======== Given records ========

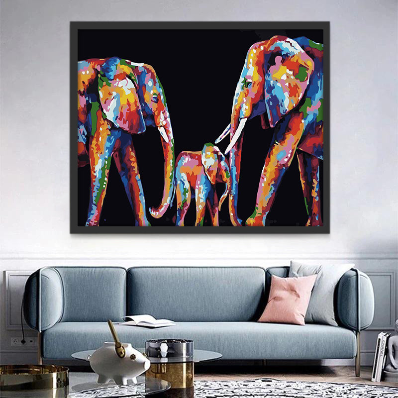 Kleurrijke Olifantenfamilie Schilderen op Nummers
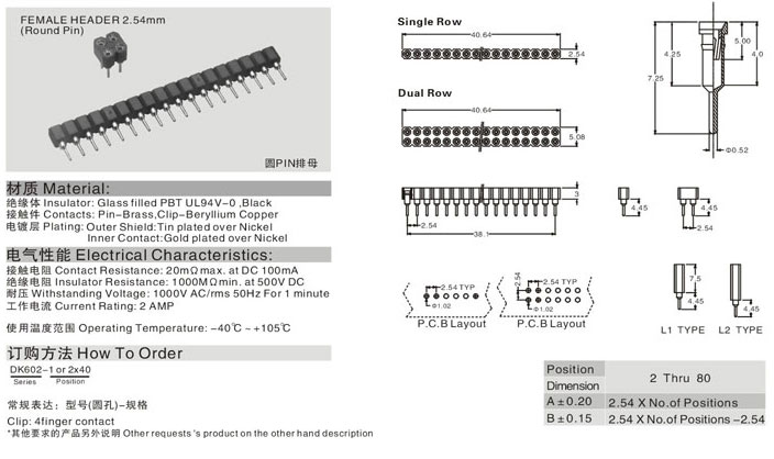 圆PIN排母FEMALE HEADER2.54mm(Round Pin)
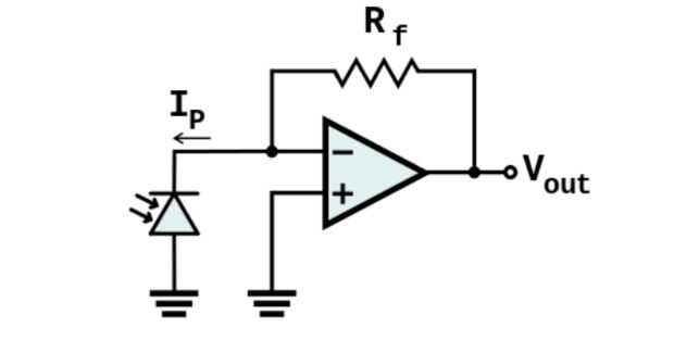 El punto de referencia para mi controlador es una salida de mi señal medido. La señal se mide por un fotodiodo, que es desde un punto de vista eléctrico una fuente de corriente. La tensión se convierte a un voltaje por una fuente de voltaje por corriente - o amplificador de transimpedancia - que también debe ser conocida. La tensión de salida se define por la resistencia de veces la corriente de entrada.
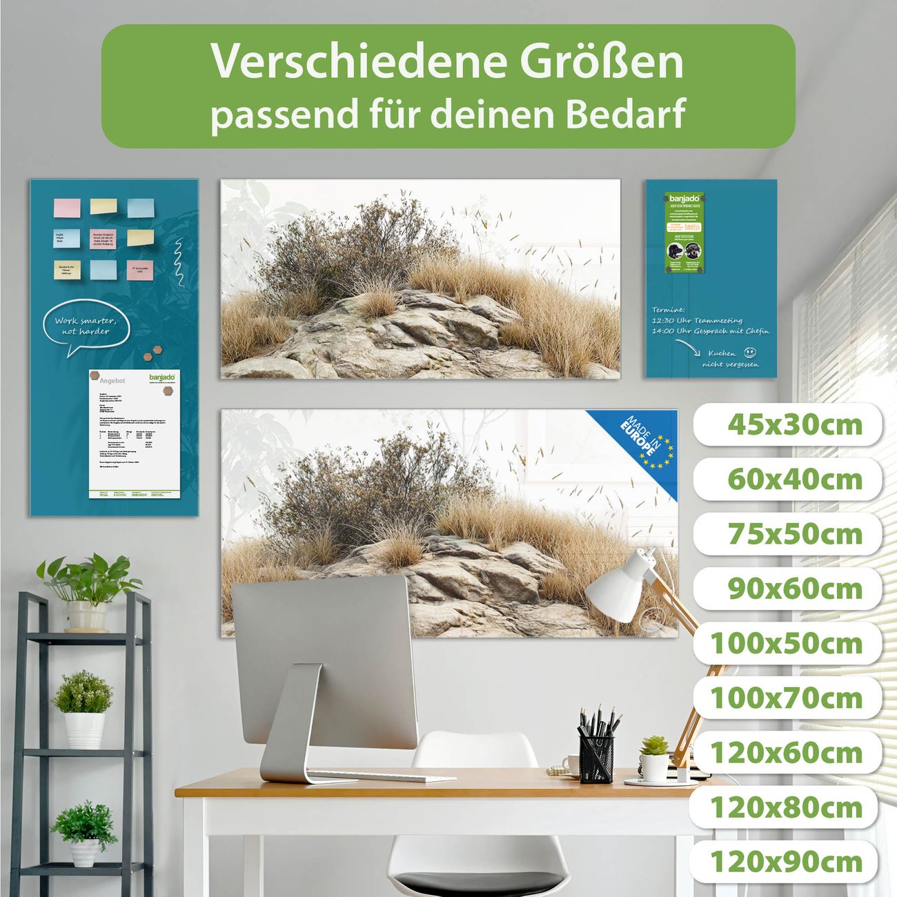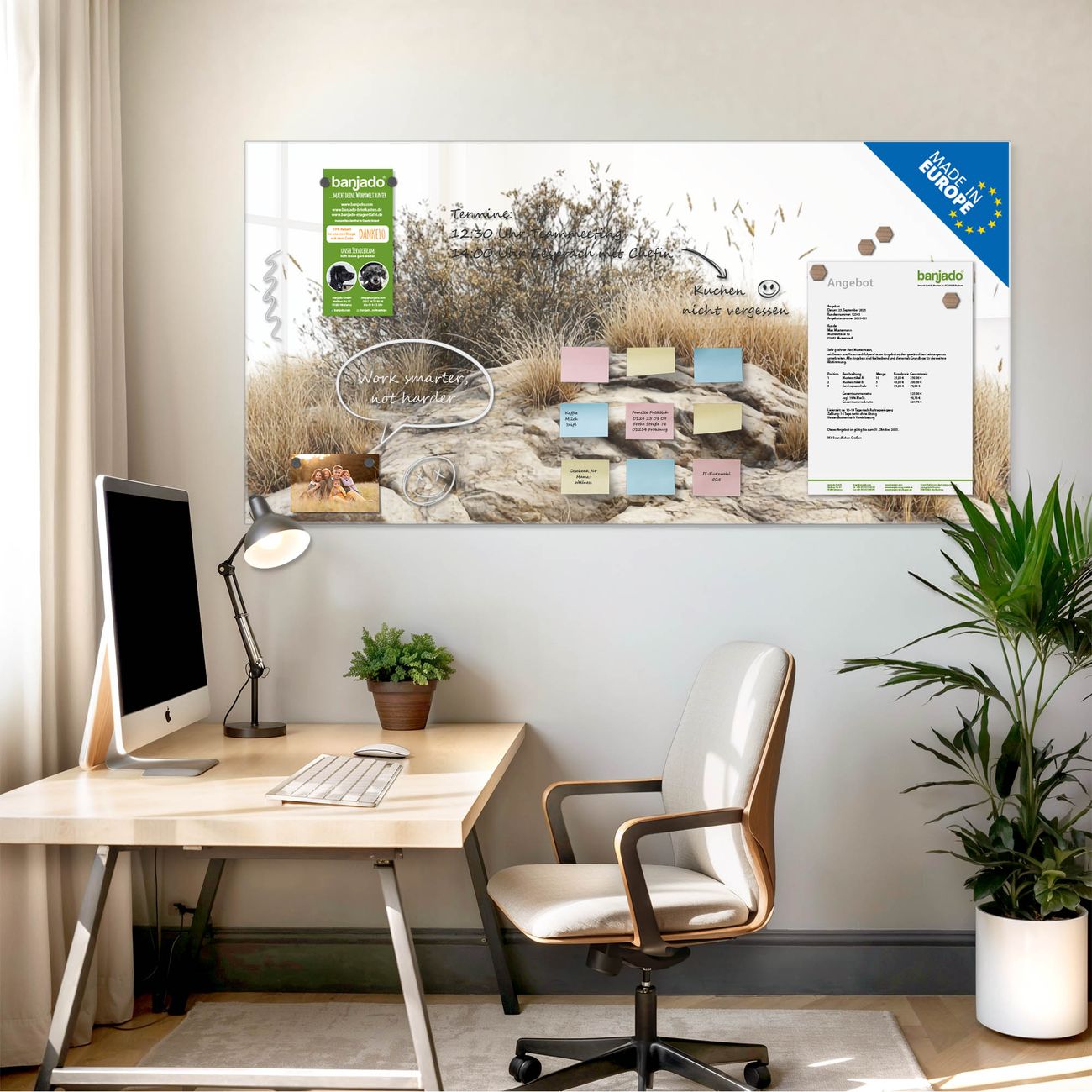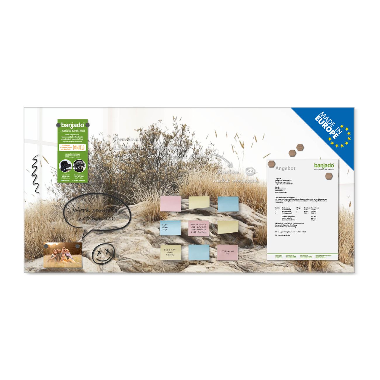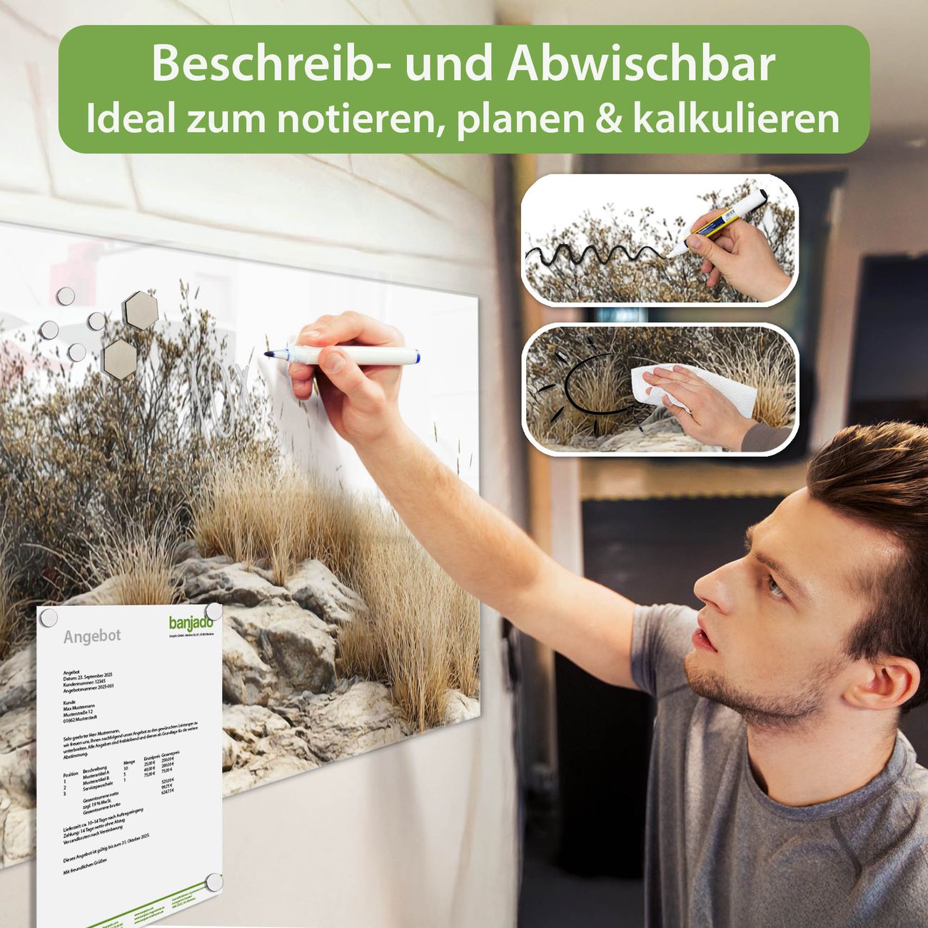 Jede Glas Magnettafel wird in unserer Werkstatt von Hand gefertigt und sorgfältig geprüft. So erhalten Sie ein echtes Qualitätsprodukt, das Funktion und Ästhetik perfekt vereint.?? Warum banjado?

========
======== Given records ========

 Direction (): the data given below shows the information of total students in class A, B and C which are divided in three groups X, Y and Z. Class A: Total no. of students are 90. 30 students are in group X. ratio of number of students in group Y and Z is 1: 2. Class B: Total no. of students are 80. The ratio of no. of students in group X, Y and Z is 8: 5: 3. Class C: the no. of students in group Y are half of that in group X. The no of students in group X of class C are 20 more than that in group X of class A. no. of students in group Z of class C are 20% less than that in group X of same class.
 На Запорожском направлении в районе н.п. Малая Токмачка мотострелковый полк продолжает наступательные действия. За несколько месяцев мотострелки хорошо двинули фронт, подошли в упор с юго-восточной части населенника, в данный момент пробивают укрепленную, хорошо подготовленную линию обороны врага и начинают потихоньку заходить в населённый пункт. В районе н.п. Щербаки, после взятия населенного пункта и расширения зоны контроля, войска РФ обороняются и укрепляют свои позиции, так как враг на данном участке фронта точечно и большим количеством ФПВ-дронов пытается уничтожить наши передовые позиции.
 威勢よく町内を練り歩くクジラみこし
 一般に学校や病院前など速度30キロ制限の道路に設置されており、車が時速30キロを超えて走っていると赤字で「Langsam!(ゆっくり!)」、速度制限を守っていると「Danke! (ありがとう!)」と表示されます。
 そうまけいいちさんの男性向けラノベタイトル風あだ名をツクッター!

========
======== Given records ========

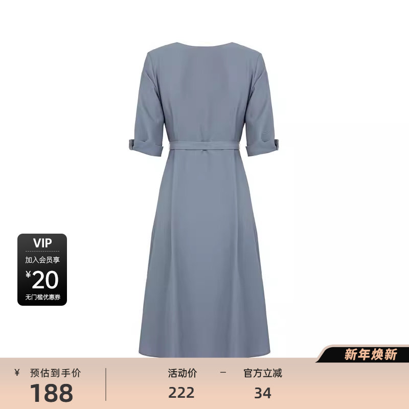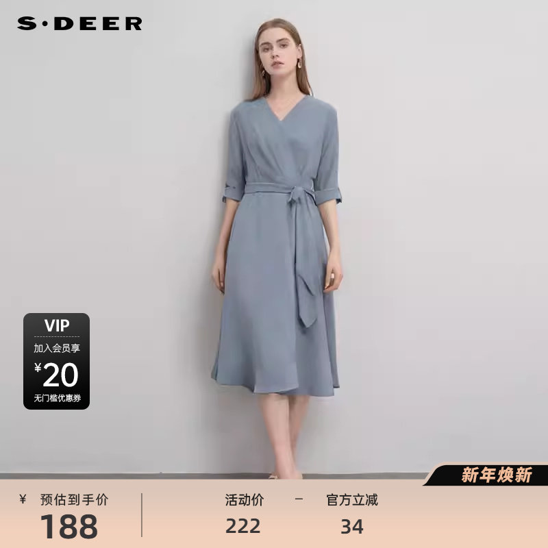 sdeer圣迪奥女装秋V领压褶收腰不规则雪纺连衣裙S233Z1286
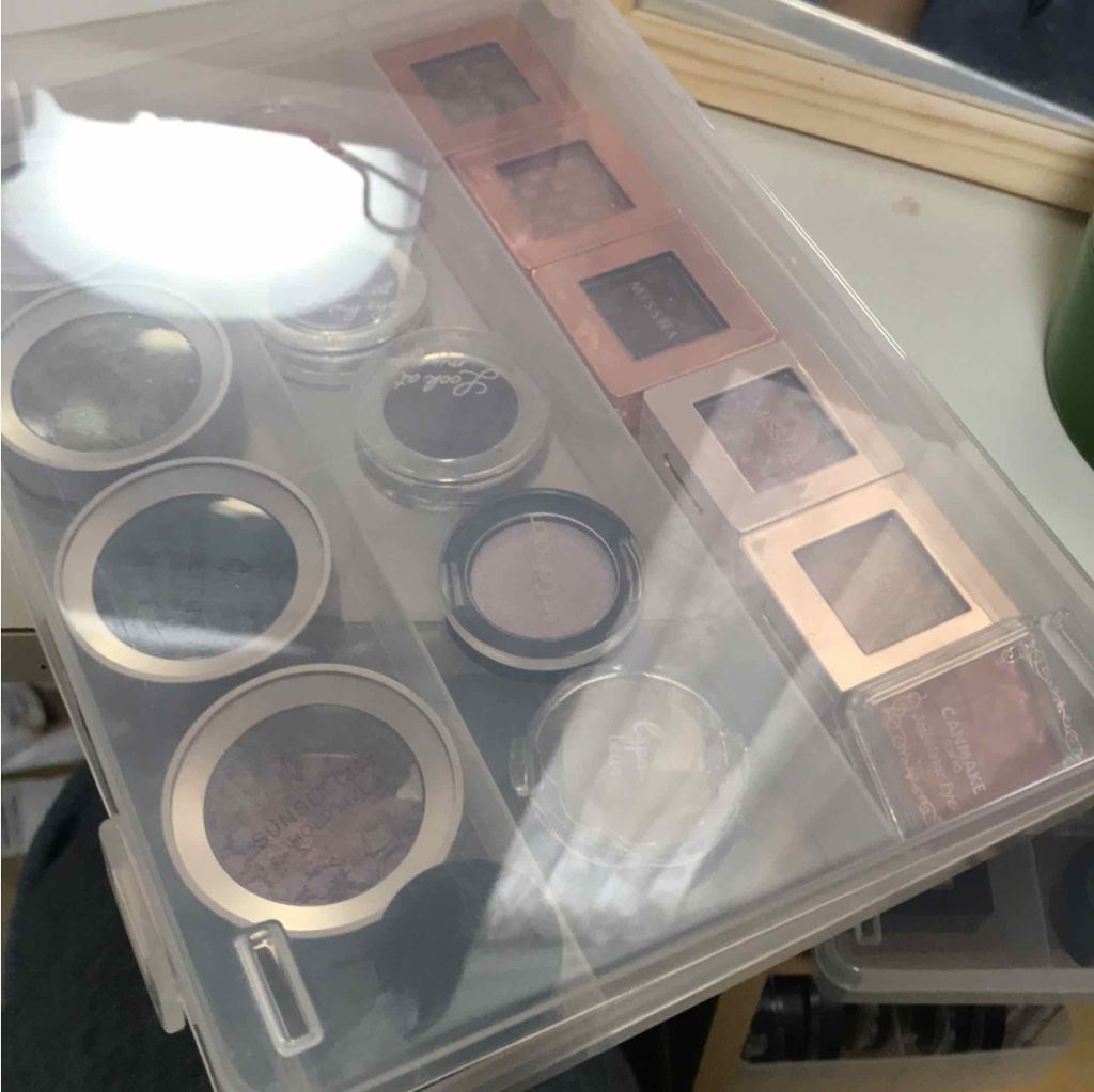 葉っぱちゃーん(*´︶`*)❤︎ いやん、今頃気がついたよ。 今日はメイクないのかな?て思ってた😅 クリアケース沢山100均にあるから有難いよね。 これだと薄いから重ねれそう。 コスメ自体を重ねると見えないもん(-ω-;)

========

■ **Work instructions**
From the entries above, return exactly the line containing "一般に学校や病院前など速度3", the line containing "そうまけいいちさんの男性向けラノベタイトル風あだ名をツクッター!", and all lines between, and nothing else.

■ **Answer for this exercise**
 一般に学校や病院前など速度30キロ制限の道路に設置されており、車が時速30キロを超えて走っていると赤字で「Langsam!(ゆっくり!)」、速度制限を守っていると「Danke! (ありがとう!)」と表示されます。
 そうまけいいちさんの男性向けラノベタイトル風あだ名をツクッター!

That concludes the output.